The First Days

Below: Photograph of the teacher, Miss Ora Boring, who was among the first cohort of students to open Hopkins Seaside Laboratory 1892 with her students at an Elementary schools on Stanford campus

Oramanda “Ora” Boring, Native of Illinois, (Stanford ’90) graduated, Associates in Biology. Over fifty years of her life were spent in California, where she was a teacher and school executive in many different communities. Ora Boring served on the County Board of Education in San Diego, taught in Los Angeles, was superintendent of schools in Stockton, and a member of the Palo Alto public school faculty as well as a teacher at Castilleja,, an independent college preparatory school for girls in grades 6 – 12, located in Palo Alto, California, was established in 1907.


With the financial support provided, the directors, CH Gilbert and OP Jenkins, in the spring of 1892, contracted for the building of a seaside laboratory, which consisted of a plain wooden structure, two stories in height. By May 14, 1892, construction of the building was in progress with the contractor for the project being a gentleman by the name of Levi Boswell. (1) An announcement in the Salinas Weekly Index on June 2, 1892, provides an account of the status of the construction project just twenty-five days prior to the opening ceremony.

The Hopkins Seaside Laboratory, a branch of the Leland Stanford, Jr., located on Lovers’ Point at Pacific Grove, is being rapidly pushed to completion by a large force of workmen under Contractor Boswell. The site could not have been more satisfactorily selected, as it commands an unbroken view of the sweep of coastline from Santa Cruz to Point Pinos and Monterey. (2)

Just days before the opening of Hopkins Seaside Laboratory, final organizing of the facility was taken up by several of the first cohort of students, are described in a letter written by Charles W. Greene, Professor of Physiology at the University of Missouri to Walter K. Fisher, Director of Hopkins Marine Station.

Myself, Flora Hartley, now (Flora) Greene, who together with Bradley Davis of Ann Arbor and Ora Boring of California, now deceased, were four enthusiastic young graduate students of Stanford who swept the shavings out of the original Hopkins Seaside Laboratory, arranged tables, stocked aquaria, and set the minor mechanism of that laboratory into operation (Letter of Correspondence, April 28, 1936). (3)

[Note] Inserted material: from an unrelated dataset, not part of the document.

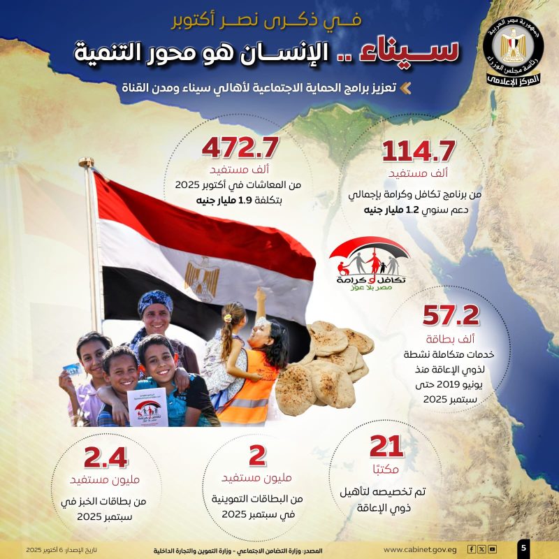 وفيما يتعلق بتعزيز برامج الحماية الاجتماعية لأهالي سيناء ومدن القناة، استفاد 114.7 ألف مستفيد من برنامج “تكافل وكرامة”، بإجمالي دعم سنوي 1.2 مليار جنيه، كما بلغ عدد المستفيدين من المعاشات 472.7 ألف مستفيد في أكتوبر 2025، بتكلفة 1.9 مليار جنيه، إلى جانب إصدار 57.2 ألف بطاقة خدمات متكاملة نشطة لذوي الإعاقة منذ يونيو 2019 حتى سبتمبر 2025.
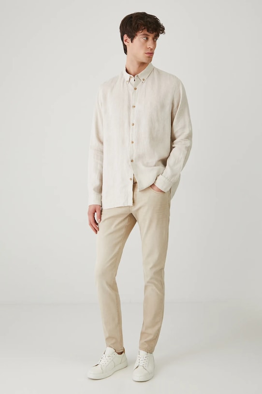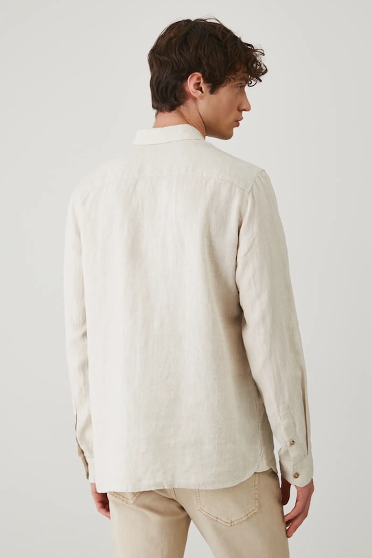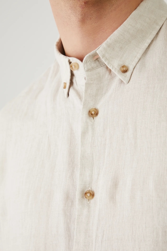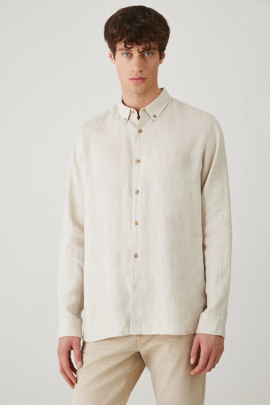 Эта рубашка из коллекции Medicine. Она сшита из льна и имеет воротник на пуговицах. - Натуральный, воздушный и прочный материал, изготовлен из 100% льна. - Рубашка прямого кроя мягко облегает фигуру, но не подчеркивает ее, обеспечивая свободу движений. - Длинный рукав. - Манжеты на пуговицах. - Воротник на пуговицах. - Застежка на пуговицы. - Меланжевая ткань. - Окружность воротника: 44,5 см. - Длина рукава: 68 см. - Длина: 77,6 см. - Ширина груди: 58,5 см. - Ширина плеч: 47,5 см. - Размеры указаны для размера: L.

The Hopkins Seaside Laboratory at Point Aulon in Pacific Grove, California opened on June 27, 1892, with David Starr Jordan overseeing the ceremony. During this first session of the Hopkins Seaside Laboratory, Charles W. Greene served as one of two assistants at the laboratory for the summer, with Flora Hartley, Bradley M. Davis and Oramanda “Ora” Boring among the small cohort of thirteen students attending that first summer session. (4)


The below photograph of Flora Hartley Greene, who was among the first cohort of students to open Hopkins Seaside Laboratory 1892.


Footnotes

(1) Howard, Donald M. (1999). The Old Pacific Grove Retreat: A Business-Biography History, 1875-1940, [s.n.]: Monterey Peninsula Historiography Press : Donald Howard.

(2) Salinas Weekly Index, Thursday, June 2nd 1892.

(3) Letter of Correspondence, April 28, 1936. [Quoted by permission of the Harold A. Miller Library, Hopkins Marine Station, Stanford University.]

(4) The Leland Stanford Junior University Second Annual Register 1892-1893.